%%

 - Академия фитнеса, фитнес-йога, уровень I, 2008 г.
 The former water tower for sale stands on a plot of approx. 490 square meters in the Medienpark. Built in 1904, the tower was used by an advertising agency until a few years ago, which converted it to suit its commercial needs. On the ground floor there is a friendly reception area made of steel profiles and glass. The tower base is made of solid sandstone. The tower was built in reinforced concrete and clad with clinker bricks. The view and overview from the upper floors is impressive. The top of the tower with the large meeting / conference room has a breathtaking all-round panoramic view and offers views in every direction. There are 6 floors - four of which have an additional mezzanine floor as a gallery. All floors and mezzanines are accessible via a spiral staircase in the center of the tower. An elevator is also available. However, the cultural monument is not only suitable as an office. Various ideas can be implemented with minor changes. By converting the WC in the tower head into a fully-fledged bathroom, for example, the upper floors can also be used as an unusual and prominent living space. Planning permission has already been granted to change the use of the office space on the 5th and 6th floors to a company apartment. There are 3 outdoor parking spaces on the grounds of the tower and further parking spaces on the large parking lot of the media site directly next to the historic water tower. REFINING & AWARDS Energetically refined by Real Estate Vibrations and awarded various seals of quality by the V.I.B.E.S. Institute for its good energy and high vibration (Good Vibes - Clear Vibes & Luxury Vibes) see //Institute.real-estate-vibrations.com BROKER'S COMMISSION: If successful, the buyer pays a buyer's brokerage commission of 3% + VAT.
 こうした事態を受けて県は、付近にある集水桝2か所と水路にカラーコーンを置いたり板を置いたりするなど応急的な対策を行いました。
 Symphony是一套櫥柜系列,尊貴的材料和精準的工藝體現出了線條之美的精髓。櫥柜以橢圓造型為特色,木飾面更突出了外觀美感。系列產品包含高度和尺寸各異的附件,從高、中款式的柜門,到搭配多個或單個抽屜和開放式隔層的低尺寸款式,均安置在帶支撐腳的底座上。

%%

> [What to work on]: Please provide an exact transcription of each line from the one holding "The former water" through the final line of the data above.

> [Worked solution]:
 The former water tower for sale stands on a plot of approx. 490 square meters in the Medienpark. Built in 1904, the tower was used by an advertising agency until a few years ago, which converted it to suit its commercial needs. On the ground floor there is a friendly reception area made of steel profiles and glass. The tower base is made of solid sandstone. The tower was built in reinforced concrete and clad with clinker bricks. The view and overview from the upper floors is impressive. The top of the tower with the large meeting / conference room has a breathtaking all-round panoramic view and offers views in every direction. There are 6 floors - four of which have an additional mezzanine floor as a gallery. All floors and mezzanines are accessible via a spiral staircase in the center of the tower. An elevator is also available. However, the cultural monument is not only suitable as an office. Various ideas can be implemented with minor changes. By converting the WC in the tower head into a fully-fledged bathroom, for example, the upper floors can also be used as an unusual and prominent living space. Planning permission has already been granted to change the use of the office space on the 5th and 6th floors to a company apartment. There are 3 outdoor parking spaces on the grounds of the tower and further parking spaces on the large parking lot of the media site directly next to the historic water tower. REFINING & AWARDS Energetically refined by Real Estate Vibrations and awarded various seals of quality by the V.I.B.E.S. Institute for its good energy and high vibration (Good Vibes - Clear Vibes & Luxury Vibes) see //Institute.real-estate-vibrations.com BROKER'S COMMISSION: If successful, the buyer pays a buyer's brokerage commission of 3% + VAT.
 こうした事態を受けて県は、付近にある集水桝2か所と水路にカラーコーンを置いたり板を置いたりするなど応急的な対策を行いました。
 Symphony是一套櫥柜系列,尊貴的材料和精準的工藝體現出了線條之美的精髓。櫥柜以橢圓造型為特色,木飾面更突出了外觀美感。系列產品包含高度和尺寸各異的附件,從高、中款式的柜門,到搭配多個或單個抽屜和開放式隔層的低尺寸款式,均安置在帶支撐腳的底座上。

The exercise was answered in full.